Das unerlaubte Eindringen in fremde Computersysteme und die Verbreitung von „Hackertools“ sollen künftig EU-weit einheitlich empfindlich bestraft werden. Der Innenausschuss des EU-Parlaments hat soeben eine entsprechende Richtlinie über Angriffe auf Informationssysteme angenommen. Damit wird weiter auf Kriminalisierung und Repression gesetzt, statt dem Problem schlechter IT-Sicherheit auf den Grund zu gehen.

Was wir in Deutschland als Hackerparagraf kennen, wird nun auch EU-weit verschärft. Schon 2010 hat die Kommission einen Vorschlag für eine Richtlinie über Angriffe auf Informationssysteme präsentiert, seitdem verhandelten Parlament und Rat. Hier ist die finale Version, auf die sich die Gremien geeinigt haben: Richtlinie über Angriffe auf Informationssysteme (PDF).

Demnach sind Angriffe auf IT-Systeme eine wachsende Bedrohung für die Gemeinschaft. Terroristen, die organisierte Kriminalität und politisch motivierte Kriminelle mit Computern bedrohen den „Raum der Freiheit, der Sicherheit und des Rechts“. Zur Abwehr und Bekämpfung braucht es harte Strafen, die die Richtlinie europaweit vereinheitlichen will. Rechtswidriger Zugang zu Informationssystemen, Systemeingriffe sowie Eingriffe in oder Abfangen von Daten sollen unter Strafe stehen. Zudem sollen auch „Tatwerkzeuge“, also „Hackertools“ nicht hergestellt, verkauft, beschafft, eingeführt, besessen, verbreitet oder Verfügbar gemacht werden dürfen, wenn es solchen Zwecken dient.

Das erinnert ziemlich an den 2007 in Deutschland verabschiedeten Hackerparagraf (§ 202c StGB). Der Chaos Computer Club kommentierte damals, dass solche Verbote der Computersicherheit mehr schaden als nutzen:

“Dieser Gesetzentwurf wird nicht gegen Computerkriminalität helfen.

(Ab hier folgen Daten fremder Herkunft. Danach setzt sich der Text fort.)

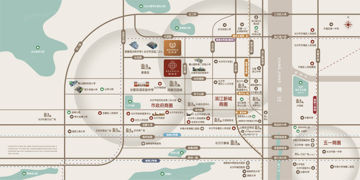 项目直线3km范围内有61个幼儿园;16个小学,如长沙市实验小学(北校区)、长沙市实验小学、麓山国际实验小学、长沙市岳麓区长茅岭小学、麓山国际第二实验小学等;5个中学:长郡双语实验中学、长郡滨江中学、长郡双语谷山实验中学、周南启明实验学校、湖南师范大学附属滨江学校。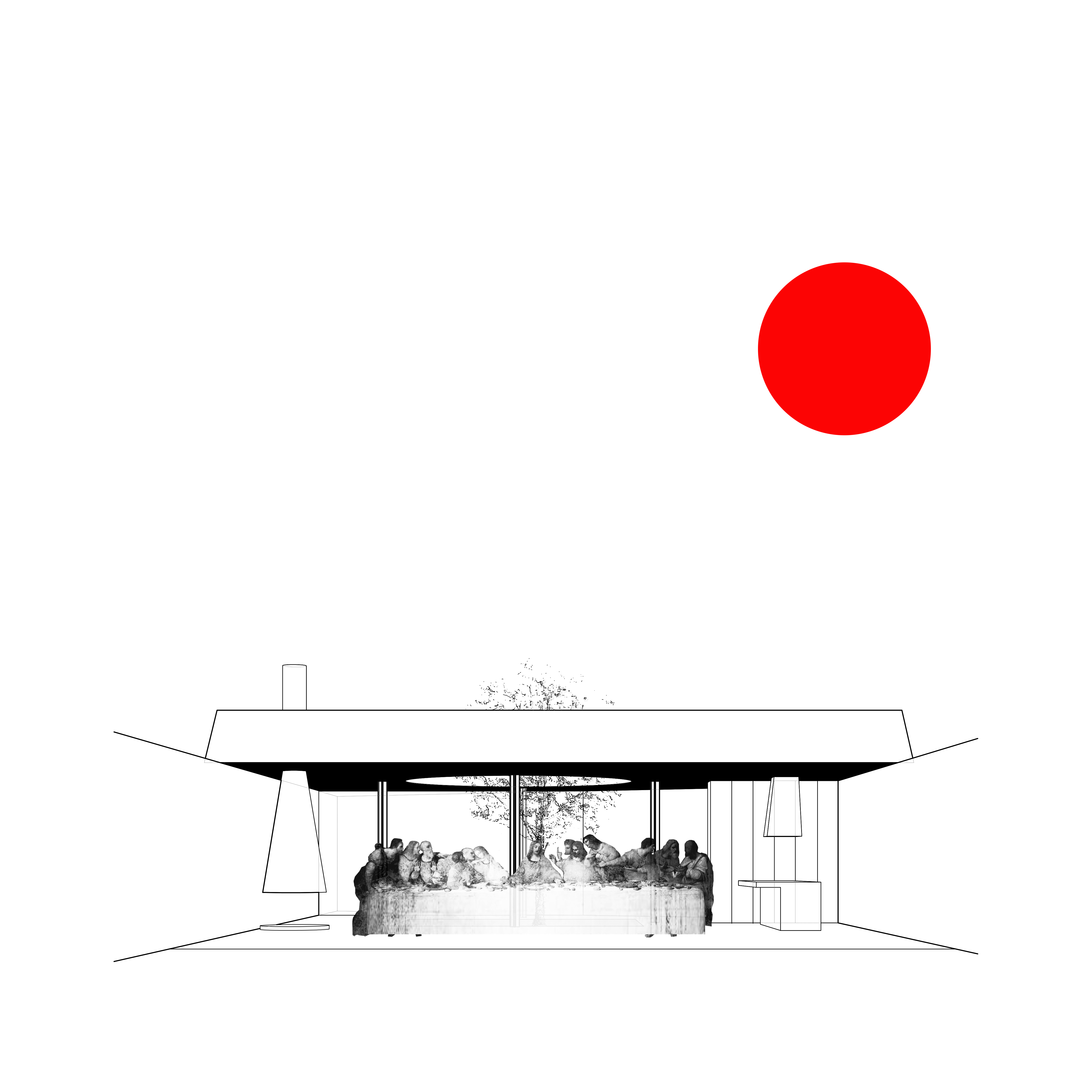 The commission, which had no other programmatic definition than of a livable space able to gather a big feast, is approached with the freedom of planning a pavilion.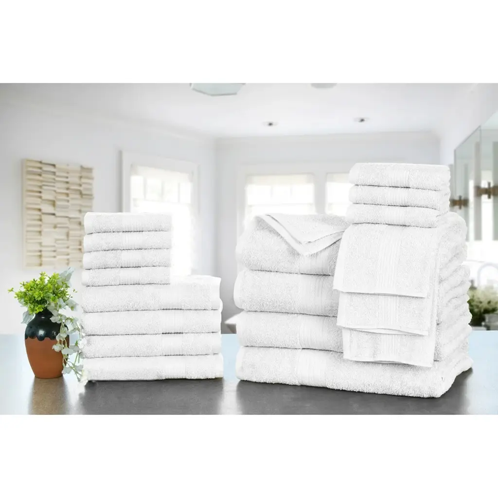 Upgrade your bathroom experience with our Ample Decor Bathroom Towel Set of 18. Made from 100% cotton with a 600 GSM absorbency, these towels are soft, quick-drying, and machine washable. This value pack includes four bath towels, four hand towels, and ten washcloths, available in a variety of stylish colors to match your decor. With a lightweight design and highly absorbent features, these towels are perfect for any bathroom.Features:Dimensions:About Ample Décor:Other Products:

Stattdessen werden der IT-Sicherheitsbranche dringend benötigte Werkzeuge zur Aufdeckung von Schwachstellen aus der Hand geschlagen”, sagte CCC-Sprecher Andy Müller-Maguhn. “Die Vorstellungen des Gesetzgebers zeugen von einer ausgeprägten Unkenntnis der technischen Vorgehensweisen. Testangriffe zum Auffinden von Sicherheitslöchern sind für die IT-Sicherheit wie Crashtests für die Autoindustrie. Niemand käme auf die Idee, Crashtests zu verbieten”, kommentierte der CCC-Sprecher.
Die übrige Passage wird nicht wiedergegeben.